The STATE of Texas, Appellee
From the 226th Judicial District Court, Bexar County, Texas Trial Court No. 2007-CR-6326 Honorable Sid L. Harle, Judge Presiding
Opinion by: Catherine Stone, Chief Justice
Sitting: Catherine Stone, Chief Justice Karen Angelini, Justice Marialyn Barnard, Justice
Delivered and Filed: July 14, 2010
AFFIRMED
Gabriella Sigler’s three-month-old granddaughter, M.S., died after Sigler placed M.S.
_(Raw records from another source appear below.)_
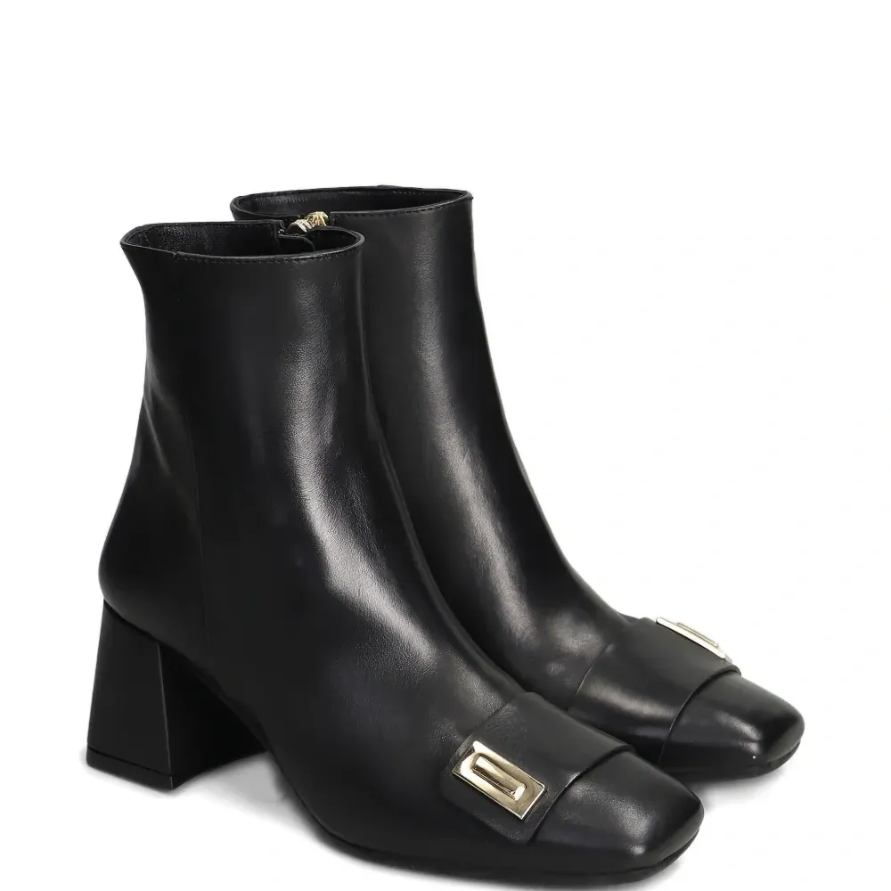 Ботильоны с квадратным носком и пряжкой на каблуке 65 мм
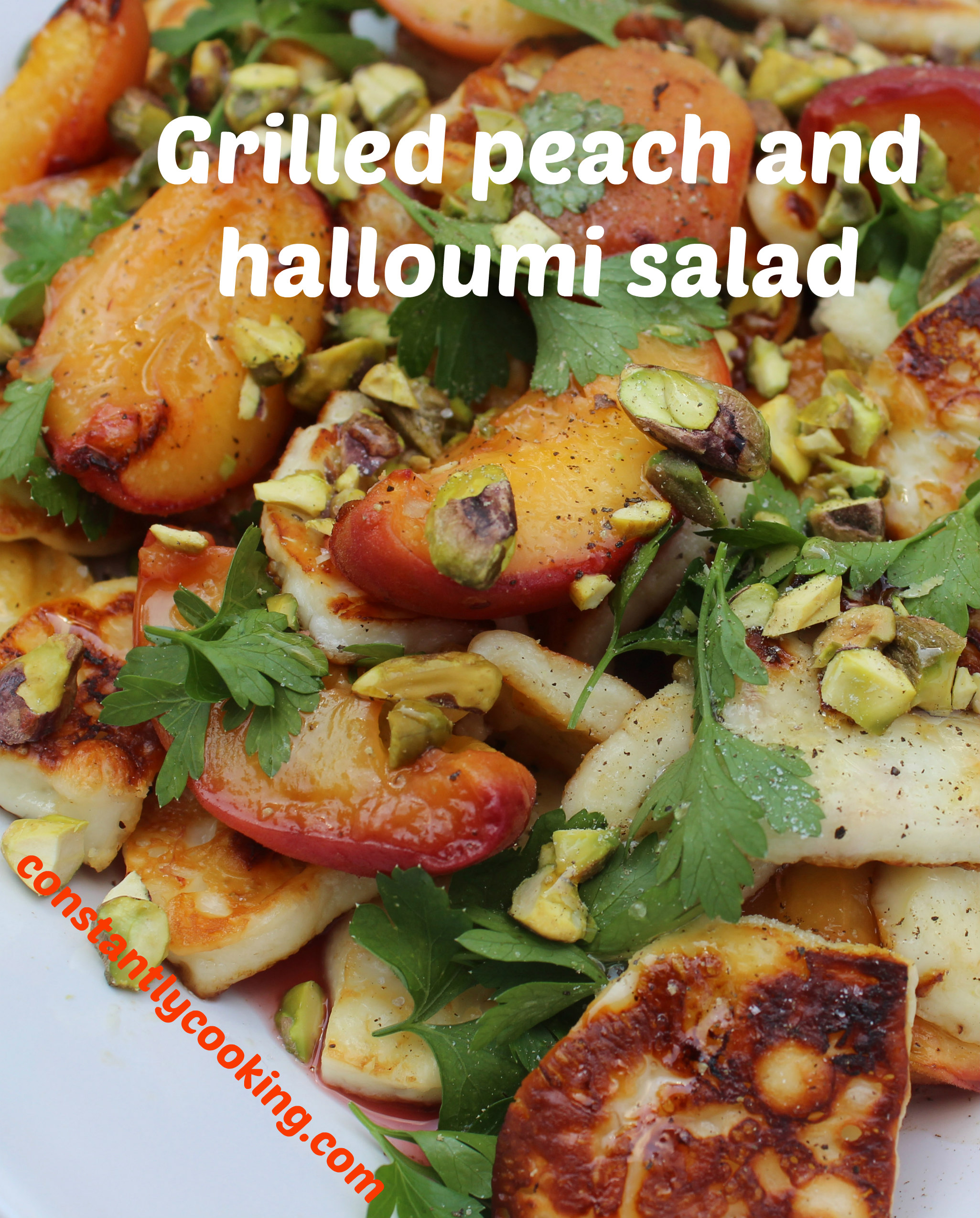 • Put the halloumi slices in the same bowl that the peaches were in and drizzle remaining oil over top.
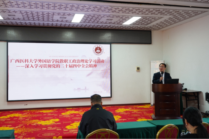 学院党委书记韦建辉在开场致辞中肯定了“理论+拓展”相结合的活动形式。他强调,全院教职工要以此次学习为契机,将深入学习党的二十届四中全会精神有机融入外语教学与人才培养全过程。

face down in a swimming pool. Gabriella Sigler pled guilty to the offense of injury to a child,
and a jury assessed Sigler’s punishment at eighteen years imprisonment. On appeal, Sigler
contends: (1) the State did not give proper notice that it would seek a deadly weapon finding in
violation of the United States and Texas Constitutions; (2) the allegation made in the indictment
materially varied from the proof at the punishment hearing in violation of the United States and 04-09-00447-CR
Texas Constitutions; and (3) the trial court erred in instructing the jury to determine whether
water was used as a deadly weapon. We affirm the trial court’s judgment.
NOTICE OF INTENT TO SEEK DEADLY WEAPON FINDING
In her first two issues, Sigler contends that the State failed to give her proper notice that it
would seek a deadly weapon finding in violation of both the United States and Texas
Constitutions. “[A]ccused persons are entitled to notice in some form that the use of a deadly
weapon will be a fact issue at the time of prosecution, if the State intends to pursue the entry of a
deadly weapon finding.” Ex parte Beck, 769 S.W.2d 525, 526 (Tex. Crim. App. 1989). A
deadly weapon means anything that in the manner of its use is capable of causing death or
serious bodily injury. See Blount v. State, 257 S.W.3d 712, 714 (Tex. Crim. App. 2008) (quoting
TEX. PENAL CODE § 1.07(a)(11)(B)). Any allegation in an indictment which avers serious bodily
injury was caused by a named weapon or instrument necessarily includes an allegation that the
named weapon or instrument was capable of causing serious bodily injury in the manner of its
use. Id. (quoting Ex parte Beck, 769 S.W.2d at 526-27, and Gilbert v. State, 769 S.W.2d 535,
536-37 (Tex. Crim. App. 1989)).
In Gilbert, the indictment in question alleged the appellant caused serious bodily injury to
the complainant “by placing the said complainant into hot liquid.” 769 S.W.2d at 536. The
Texas Court of Criminal Appeals held that the indictment necessarily included an allegation that
the hot liquid, in that case water, was a deadly weapon because in the manner of its use the water
was capable of causing serious bodily injury. Id. at 536-37.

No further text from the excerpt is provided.